RECORD EXCERPTS:
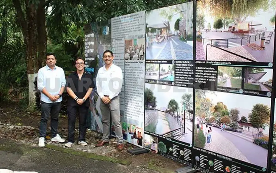 Señalaron que el proyecto consiste en convertir alrededor de 150 metros del entorno de los márgenes del río Texcuyuapan en un espacio agradable y funcional para esparcimiento y tranquilidad.
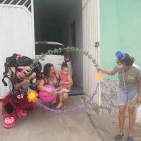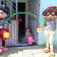 Pais e crianças se surpreenderam e ficaram super felizes de serem surpreendidos em casa com doces, lembranças e personagens que também levaram muitas alegrias.
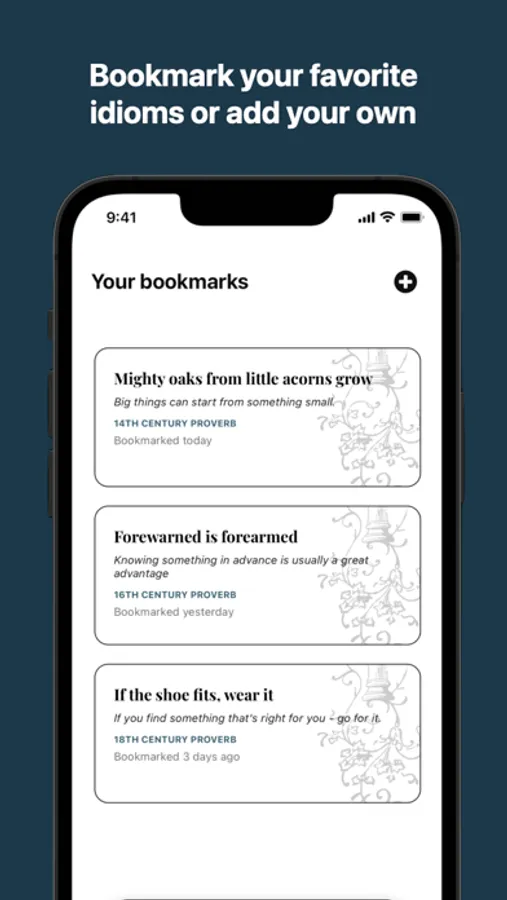 Acorn Idioms gives you a new idiom each day that you can practice and use in your daily conversations. If you want to keep it for reference you can bookmark it and build out your own little library of idioms. If you come across a new interesting idiom you can also add a custom bookmark to your library.
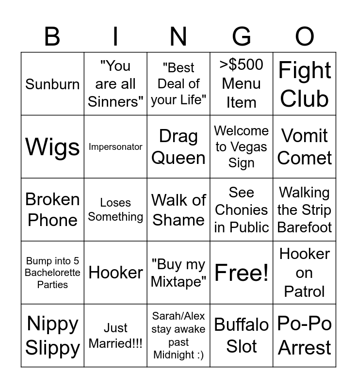 This bingo card has 25 words: Hooker, Sarah/Alex stay awake past Midnight :), Drag Queen, Nippy Slippy, Fight Club, Sunburn, Wigs, "You are all Sinners", See Chonies in Public, "Buy my Mixtape", Welcome to Vegas Sign, Broken Phone, Free!, Hooker on Patrol, Impersonator, Po-Po Arrest, Walking the Strip Barefoot, "Best Deal of your Life", Vomit Comet, Loses Something, Walk of Shame, Just Married!!!, Bump into 5 Bachelorette Parties, >$500 Menu Item and Buffalo Slot.
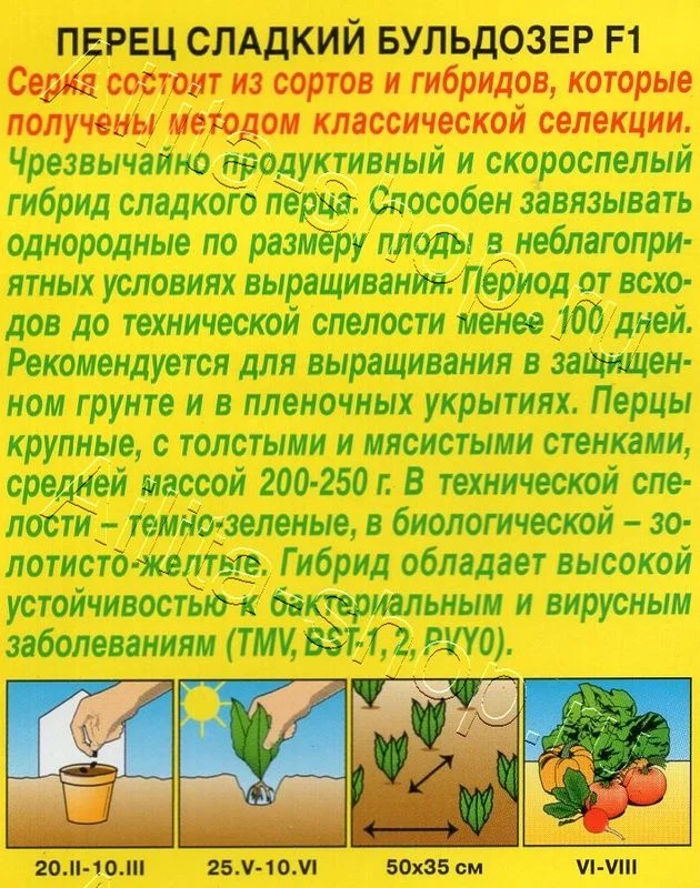 Чрезвычайно продуктивный и скороспелый гибрид сладкого перца. Способен завязывать однородные по размеру плоды в неблагоприятных условиях выращивания. Период от всходов до технической спелости менее 100 дней. Рекомендуется для выращивания в защищенном грунте и в пленочных укрытиях. Перцы крупные, с толстыми и мясистыми стенками, средней массой 200-250 г. В технической спелости – темно-зеленые, в биологической – золотисто-желтые. Гибрид обладает высокой устойчивостью к бактериальным и вирусным заболеваниям.

WHAT YOU WILL DO: With the pictures left aside, set down each entry above exactly as it stands.

FINISHED TASK:
 Señalaron que el proyecto consiste en convertir alrededor de 150 metros del entorno de los márgenes del río Texcuyuapan en un espacio agradable y funcional para esparcimiento y tranquilidad.
 Pais e crianças se surpreenderam e ficaram super felizes de serem surpreendidos em casa com doces, lembranças e personagens que também levaram muitas alegrias.
 Acorn Idioms gives you a new idiom each day that you can practice and use in your daily conversations. If you want to keep it for reference you can bookmark it and build out your own little library of idioms. If you come across a new interesting idiom you can also add a custom bookmark to your library.
 This bingo card has 25 words: Hooker, Sarah/Alex stay awake past Midnight :), Drag Queen, Nippy Slippy, Fight Club, Sunburn, Wigs, "You are all Sinners", See Chonies in Public, "Buy my Mixtape", Welcome to Vegas Sign, Broken Phone, Free!, Hooker on Patrol, Impersonator, Po-Po Arrest, Walking the Strip Barefoot, "Best Deal of your Life", Vomit Comet, Loses Something, Walk of Shame, Just Married!!!, Bump into 5 Bachelorette Parties, >$500 Menu Item and Buffalo Slot.
 Чрезвычайно продуктивный и скороспелый гибрид сладкого перца. Способен завязывать однородные по размеру плоды в неблагоприятных условиях выращивания. Период от всходов до технической спелости менее 100 дней. Рекомендуется для выращивания в защищенном грунте и в пленочных укрытиях. Перцы крупные, с толстыми и мясистыми стенками, средней массой 200-250 г. В технической спелости – темно-зеленые, в биологической – золотисто-желтые. Гибрид обладает высокой устойчивостью к бактериальным и вирусным заболеваниям.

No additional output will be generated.